「解放新聞」(2023.07.05-3069)
政府と東京電力(東電)は、福島第一原発事故により発生した「ALPS処理水」(=汚染水)について、放出に向けた海底トンネルと設備工事を6月に完了、真水を使った試験運転をすすめる。工事後の規制委員会の使用前検査、IAEA(国際原子力機関)の包括的報告書、韓国調査団の報告書などの結果をへて、夏から秋頃に汚染水の海洋放出の開始をめざす。
これに先立つ5月16日、福島県の市民団体「これ以上海を汚すな!市民会議」、「さようなら原発1000万人アクション実行委員会」の共催で、「汚染水を海に流すな!5・16東京行動」がおこなわれた。この日、午前と午後に東電本店、岸田首相、衆院議長宛てに「理解と合意なき汚染水の海洋放出の中止を求める要請書」を提出。
「これ以上海を汚すな!市民会議」共同代表の佐藤和良さん(いわき市議)は、「4月のG7気候・エネルギー・環境相会合でドイツのレムケ環境相が「処理水の放出は歓迎できない」と明言した。海洋放出に反対の声が各国からもあがっている」と、東電に海洋放出しないよう訴えた。

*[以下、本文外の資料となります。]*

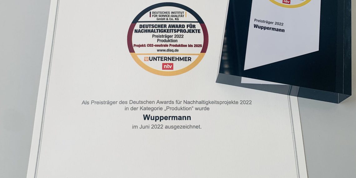 Wuppermann, ein Traditionsunter-nehmen in der Stahlindustrie, gehört zu den Preisträgern des “Deutschen Awards für Nachhaltigkeitsprojekte 2022” in der Kategorie „Produktion”. Der Preis wurde in Berlin am 9. Juni 2022 zum zweiten Mal von dem Nachrichtensender ntv, dem Dup Unternehmer Magazin und dem Deutschen Institut für Service-Qualität vergeben. Schirmherrin des Awards war Brigitte Zypries, Bundesministerin a.D. Der Preis wurde von Daniel Ewen, Business Development, Wuppermann AG, entgegengenommen.

一連の行動には、韓国から「脱核市民行動」の女性らも参加。韓国YWCAのユ・エスダさんは「韓国政府の汚染水海洋放出を容認するような態度に怒りを感じている。皆さんとともに反対の声をあげたい」。環境運動連合のチェ・ギョンスクさんは「韓国でも多くの市民が汚染水を心配している。海洋放出は、反対する多くの声を無視する「国家の暴力」だ。韓国視察団の派遣で海洋放出に「お墨つき」を与えるなら、韓国政府も共犯だ。いまからでも、海洋放出をやめて陸上での長期保管を決断してほしい」と訴えた。

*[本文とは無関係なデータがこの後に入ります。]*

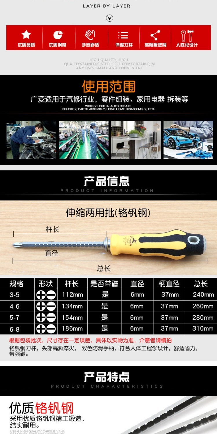 | Modelo de especificación | 3-5 pulgadas ajustable (9156A),4-6 pulgadas ajustable (9156B),5-7 pulgadas ajustable (9156C),6-8 pulgadas ajustable (9156D),Destornillador telescópico de doble propósito con trinquete 9159A,Destornillador de doble uso 6x100mm 9980A,Ultra corto telescópico ajustable 9160 |

夕方から、日比谷野外音楽堂での「汚染水を海に流すな!5・16東京集会」に、福島県や関東から500人が参加。韓国から市民団体の代表も参加した。
主催者あいさつで、「さようなら原発」よびかけ人の鎌田慧さんは「岸田首相はGX(グリーン・トランスフォーメーション)と言いながら、原発の汚染水をばらまいて環境を汚染しようとしている。金まみれの原発をふたたび推進しようとしている」と指摘。
「これ以上海を汚すな!市民会議」共同代表の織田千代さんは「汚染水の海洋放出は、「関係者の理解なしには如何なる処分もおこなわない」との福島県漁連、全漁連にたいする2015年の約束文書を反故にするものだ。放射能を拡散することは本当の復興とはいえない」と厳しく批判した。
福島県の小名浜(おなはま)機船底曳(そこびき)網漁業協同組合の柳内孝之さんは「12年前の原発事故で水産物は放射能に汚染され、漁業者は絶望の淵(ふち)に追いやられた。ようやく試験操業から本格操業への移行期だが、水揚げ量は事故前の2割にすぎない。タンクの汚染水漏れが起こるたびに福島の水産物は何度も拒否されてきた。この12年で福島産を除いた流通が確立してしまい、多くの仲買業者が廃業、福島の漁業再生を難しくしている。東電は漁業者などの理解なく「処理水」を処分しないとの約束を無視するのか。漁業者は納得していない」と漁業者として反対を訴えた。
終了後、日比谷公園から東電本店前と銀座を通ってデモ行進。「汚染水を海に流すな!」「海を汚すな!漁業を守れ!」などとシュプレヒコールをあげた。